- [EXERCISE DIRECTIONS]
Please set down only the lines from the one containing "Гостиная с кухней - 44.09 м2;" through the end of the entries below, exactly, minus any pictures.

BEGIN EXTRACTED MATERIAL

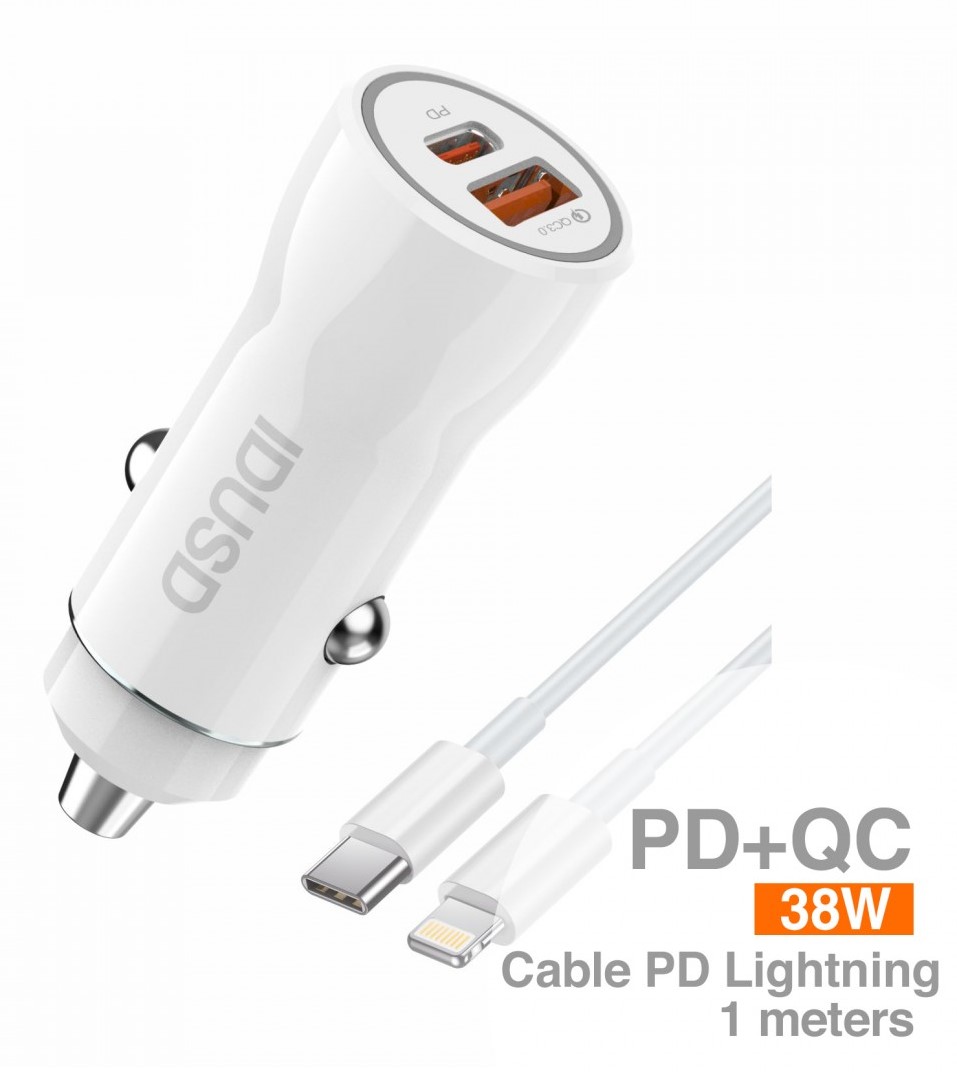 Cargador coche PD+QC 38W + Cable PD Lightning – F55B
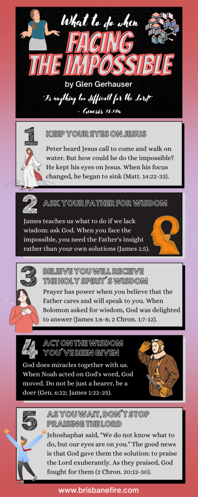 Morning Thought: What do you do when you’re facing the impossible? Check out our latest infographic: Facing the Impossible. For more insight, you can listen to this week’s message with the same title. (Tap to open. Press to save. Pinch to zoom in and out.)
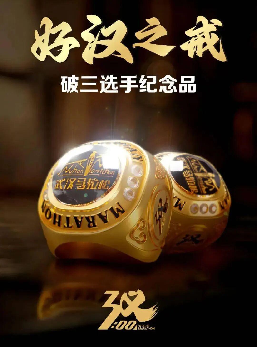 同样的,为了鼓励破三的跑者,汉马为所有破三的选手准备了破三礼物-好汉之戒。纯铜材质,黑金搭配,装点有汉马的Logo和破三的徽标,古朴中有点“江湖之气”。
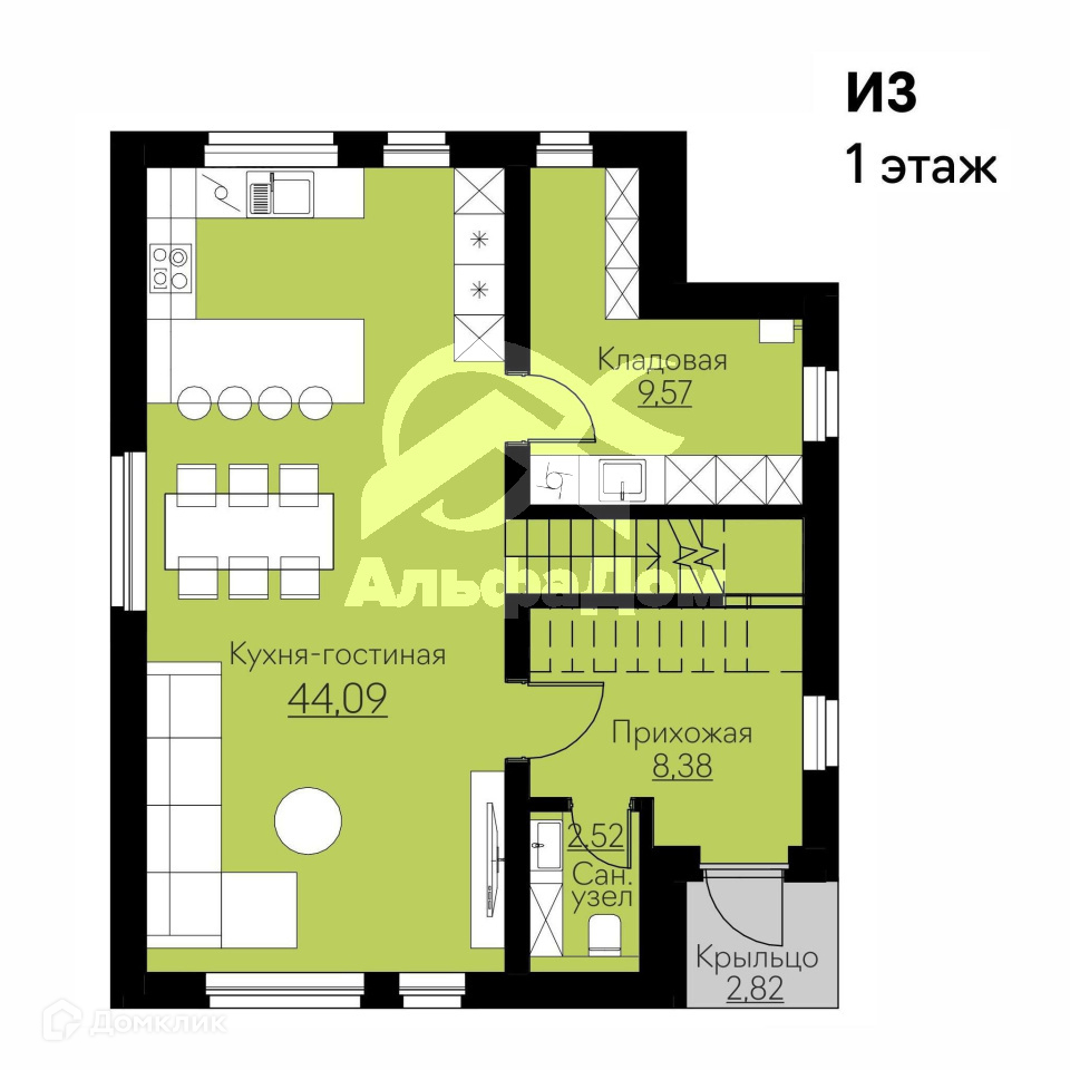 Гостиная с кухней - 44.09 м2;
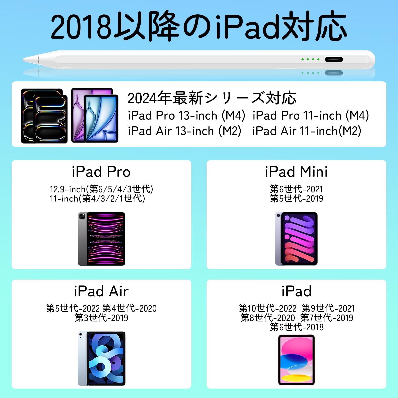 【2018年以降iPad専用タッチペン】ipad専用タッチペンの互換性が高くて、2018年以降iPadにすべて対応可能です:iPad (第6/7/8/9/10世代)、iPad Pro 12.9 (第3/4/5/6世代) 、iPad Pro 11(第1/2/3/4/M4世代) 、iPad Pro 13(第M4世代)、iPad Air (第3/4/5/M2世代) 、iPad mini (第5/6世代)

END EXTRACTED MATERIAL

- [TASK ANSWER]
 Гостиная с кухней - 44.09 м2;
 【2018年以降iPad専用タッチペン】ipad専用タッチペンの互換性が高くて、2018年以降iPadにすべて対応可能です:iPad (第6/7/8/9/10世代)、iPad Pro 12.9 (第3/4/5/6世代) 、iPad Pro 11(第1/2/3/4/M4世代) 、iPad Pro 13(第M4世代)、iPad Air (第3/4/5/M2世代) 、iPad mini (第5/6世代)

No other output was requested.